One of the Marantz SA-KI-Pearl’s most compelling qualities to me was its delicate tone. The player interprets the CD sound as fresh and uplifting, soft in texture and steadfast in composure. Music took on a fragility that connotes an obsession toward detail. It was this fragility and discretion that lent the SA-KI-Pearl that expensive sound. It’s not very often when one finds a recording that was artistically and sonically superior, and then have a multi-national electronics giant developed a sub-$10,000 CD player that can reproduce the recording competently. This may sound trivial to most, but trust me, it is an occurrence quite rare.

The SA-KI-Pear also represents a conundrum, one that defies what a product in its price class ought to be capable of. The SA-KI-Pearl is priced such that audiophiles don’t have to spend a good deal in this economy to attain high-end performance, but it is a mistake to expect audiophiles with budget system can reap all that the SA-KI-Pearl can offer. It was commendable for Ken Ishiwata and Marantz to embark on this project and to have created such a beautiful-sounding player for $3,000. If the SA-7, one of the original forms of the SA-KI-Pearl, were given to an outside modification house to upgrade to its present performance level, the resultant product would have cost more than twice the price, I’m sure.

The audiophile hobby is many things to the lot of us. To me, it is not always about just getting the biggest bang for the buck, although many will benefit from products that fall into that category. I am looking for that ultimate experience which can only be derived from a system of superior engineering and craftsmanship. It would be nice if it is also affordable; but in many cases it is akin to wishing an original Picasso can be had for mass production copy prices.

Only when wealthy audiophiles paces the SA-KI-Pearl through their mega systems will the Ken Ishiwata concoction gets the spotlight it deserves. Ken has a track record of producing his own versions of Marantz CD players, and his fans attest to the quality of his work and the invaluable contribution he made towards their musical satisfaction. People continue to chime in on forums about their KI versions of Marantz CD players of the 80s to this day.

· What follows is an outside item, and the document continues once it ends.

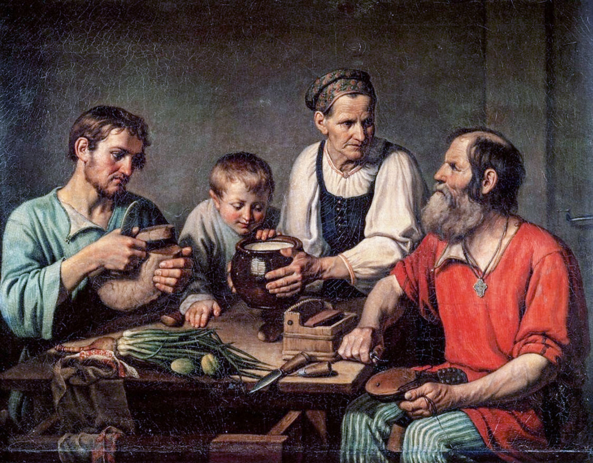 Земледельцы унаследовали от предков выращивание злаков: пшеницы, ячменя, проса. С XI в. появляются рожь и овес. Видимо, при татаро-монгольском нашествии – гречиха. Из злаков пекли хлеб и варили каши. Хлеб был главным источником калорий, что отразилось в пословице: «Хлеб на стол, так и стол престол; а хлеба ни куска – так и стол доска». Из овощей уже в XIV в. выращивали репу, капусту, морковь, лук, чеснок, горох. Варили пустые щи и забеливали их сметаной. Молока хватало летом, когда скот был на выпасе. К весне же ослабевшая от скудного корма корова давала столько молока, сколько сейчас дает хорошая коза. Мясо ели обычно лишь по праздникам. Иногда весной приходилось забивать телят, которых нечем было кормить. Тогда на стол попадало нежданное мясо.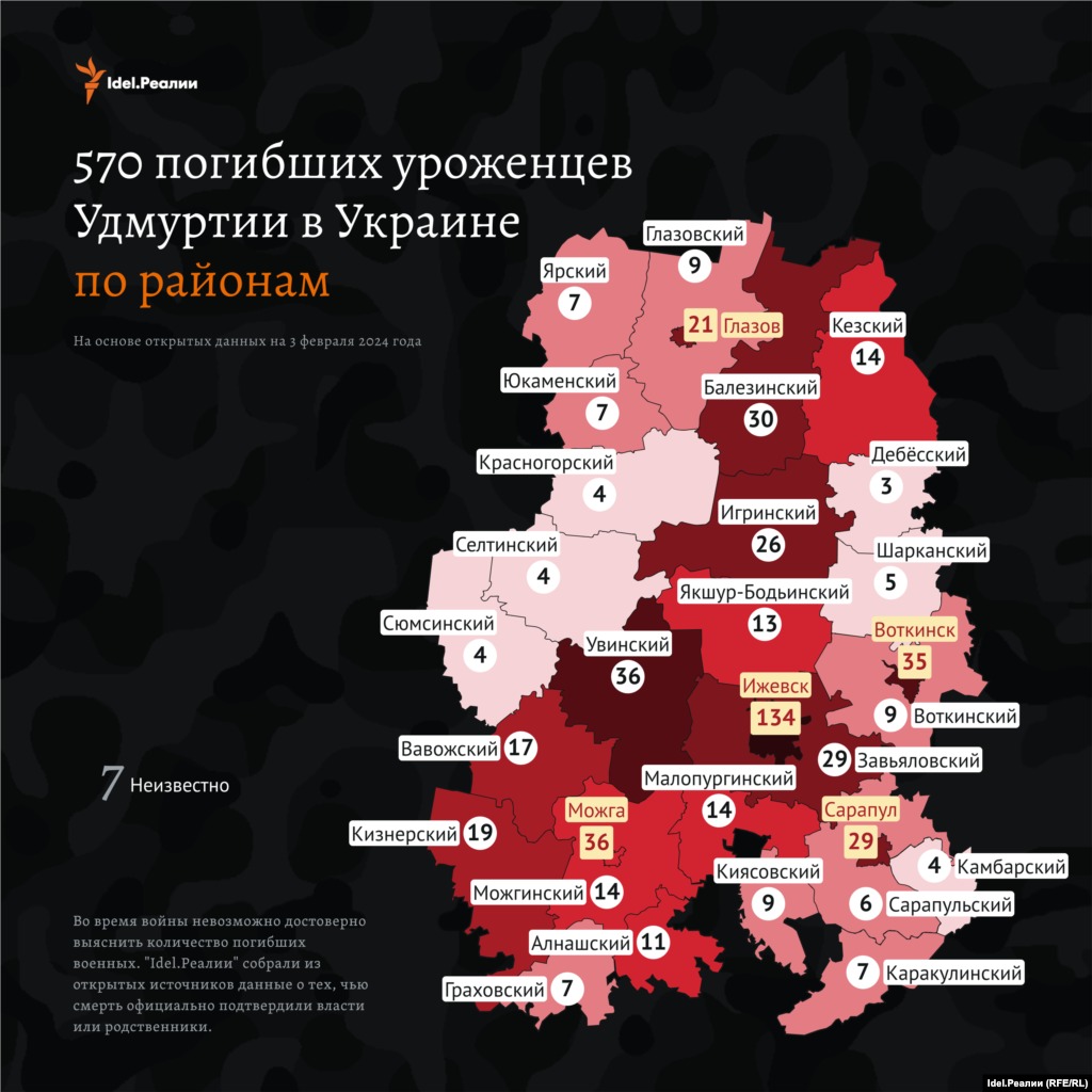Число погибших в действительности больше, мы руководствуемся лишь данными из открытых источников. По подсчетам "Idel.Реалии", с начала войны погибли 10 305 уроженцев и жителей Поволжья.

The SA-KI-Pearl has such category-defying level of finesse as to set a new standard in the $3,000 range. Financially, it would’ve made more sense when such incomparable talent as Ishiwata were to apply his lifetime’s worth of expertise into perfecting the likes of the $6,999 SA-7S1 Reference Series SACD player instead, and making the next SA-KI-Pearl a $10,000 tour de force. But I am thinking in terms of a smaller, specialty operation, a far cry from the corporate resources of Marantz. Whereas it would make more business sense for a small but technologically competent company to offer its service for a premium, the slim profit margin obtained in selling an improved version of a medium-priced machine would also exhaust the company’s resources and serve to put it under.